Data for this exercise ▸
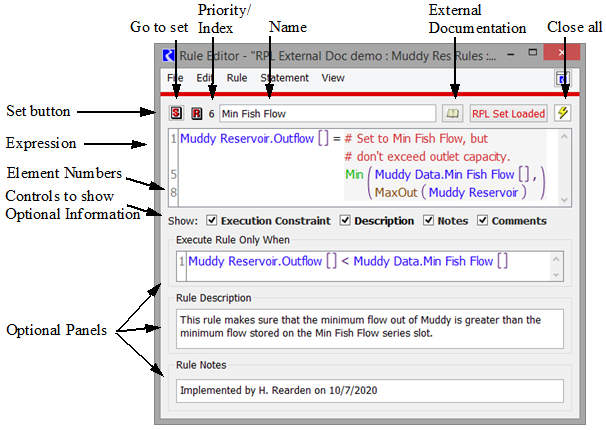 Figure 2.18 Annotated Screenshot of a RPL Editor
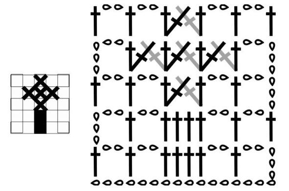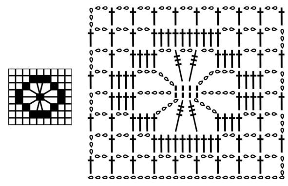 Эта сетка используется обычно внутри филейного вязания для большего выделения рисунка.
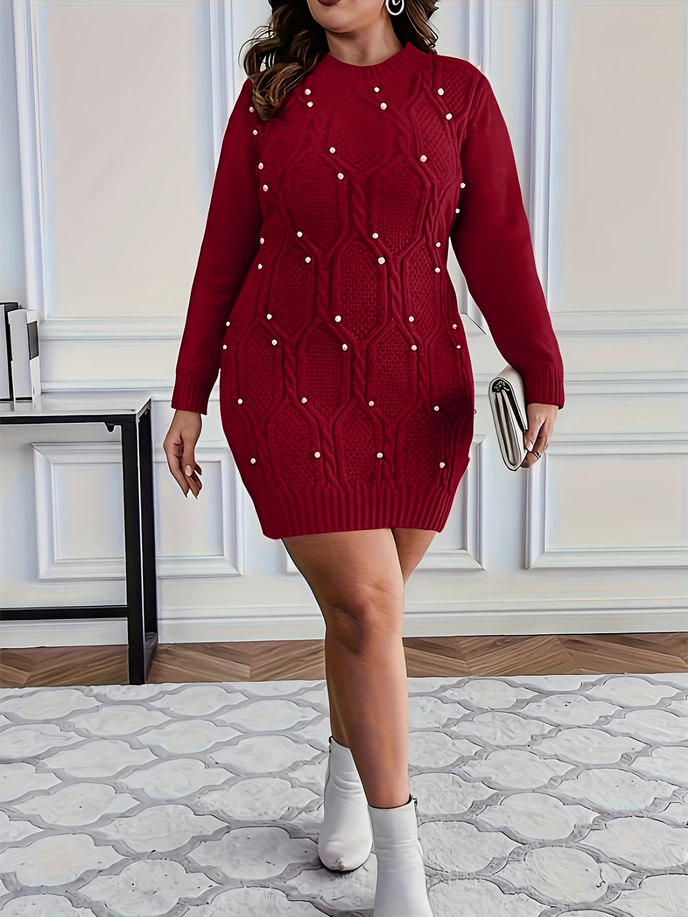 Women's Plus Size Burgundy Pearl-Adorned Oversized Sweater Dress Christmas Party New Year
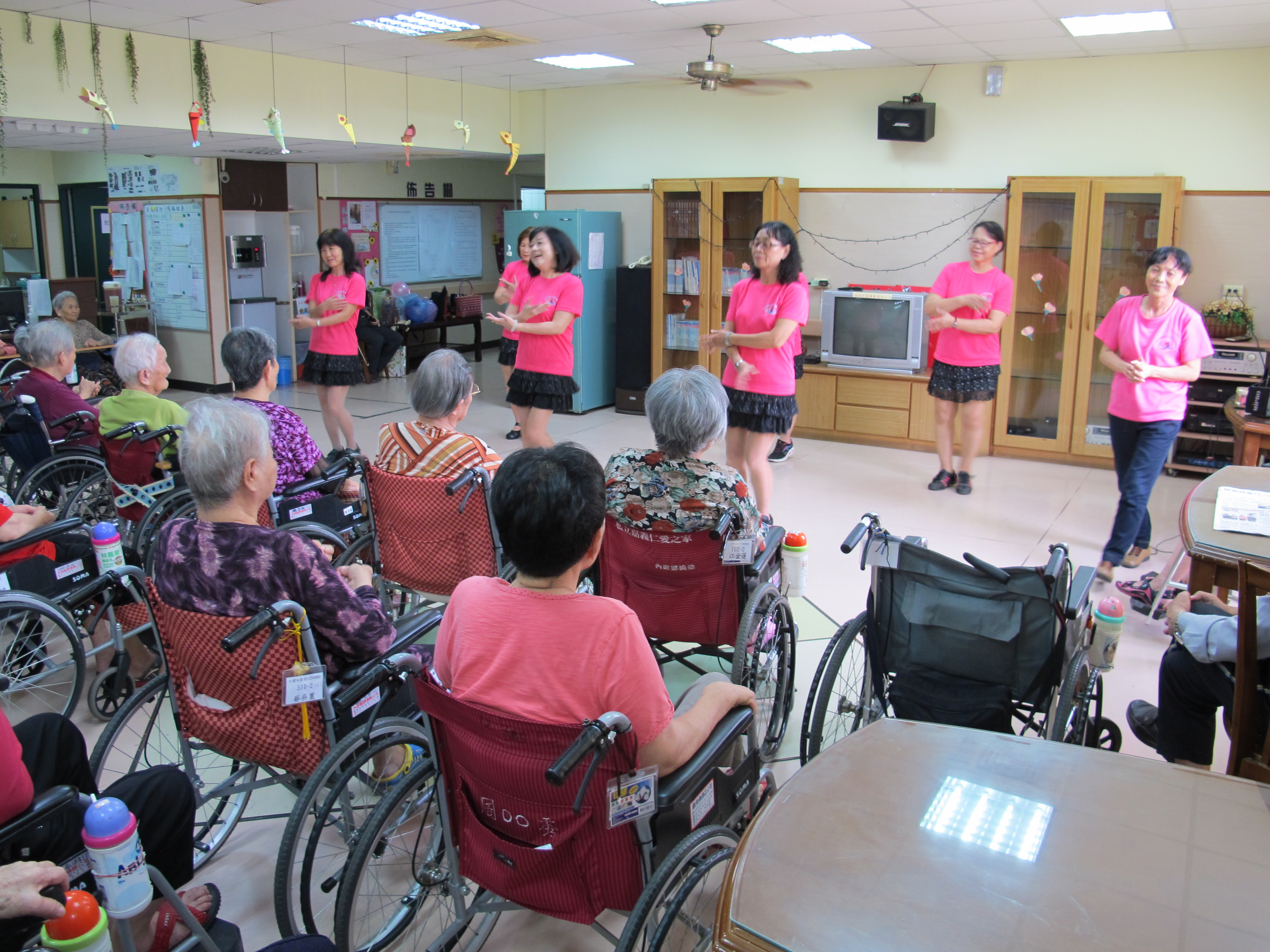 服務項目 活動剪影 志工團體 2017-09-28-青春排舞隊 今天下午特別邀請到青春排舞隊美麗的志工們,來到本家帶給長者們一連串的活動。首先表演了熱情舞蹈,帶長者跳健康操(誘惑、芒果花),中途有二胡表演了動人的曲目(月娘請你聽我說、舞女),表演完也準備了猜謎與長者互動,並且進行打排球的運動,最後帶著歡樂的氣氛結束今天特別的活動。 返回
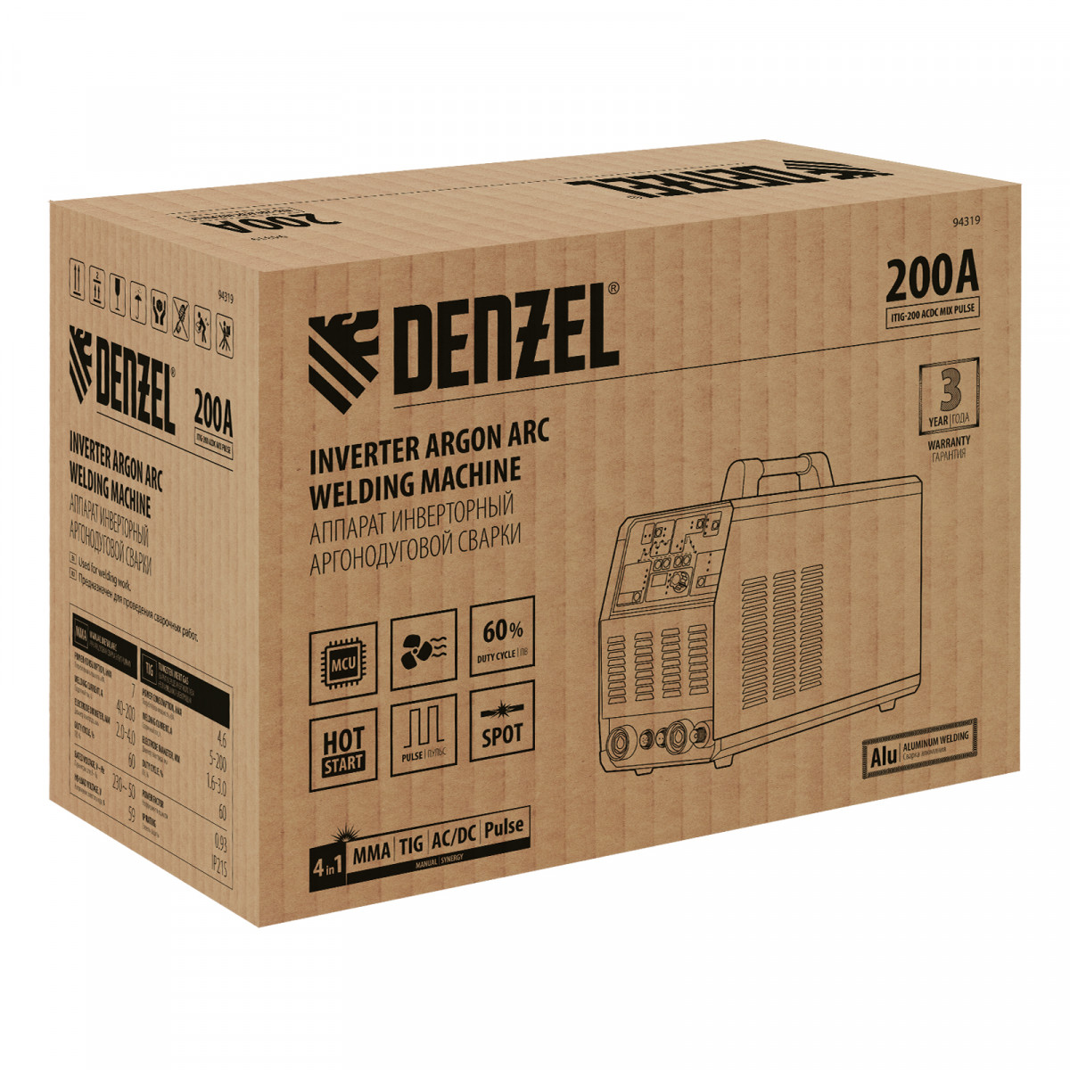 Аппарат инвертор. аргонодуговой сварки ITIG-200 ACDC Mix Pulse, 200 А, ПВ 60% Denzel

Required action ▸ Your task is to reproduce exactly the lines from the one with "服務項目 活動剪影 志工團體" to the end of the material, both included, with the pictures left out.

Answer space ▸
 服務項目 活動剪影 志工團體 2017-09-28-青春排舞隊 今天下午特別邀請到青春排舞隊美麗的志工們,來到本家帶給長者們一連串的活動。首先表演了熱情舞蹈,帶長者跳健康操(誘惑、芒果花),中途有二胡表演了動人的曲目(月娘請你聽我說、舞女),表演完也準備了猜謎與長者互動,並且進行打排球的運動,最後帶著歡樂的氣氛結束今天特別的活動。 返回
 Аппарат инвертор. аргонодуговой сварки ITIG-200 ACDC Mix Pulse, 200 А, ПВ 60% Denzel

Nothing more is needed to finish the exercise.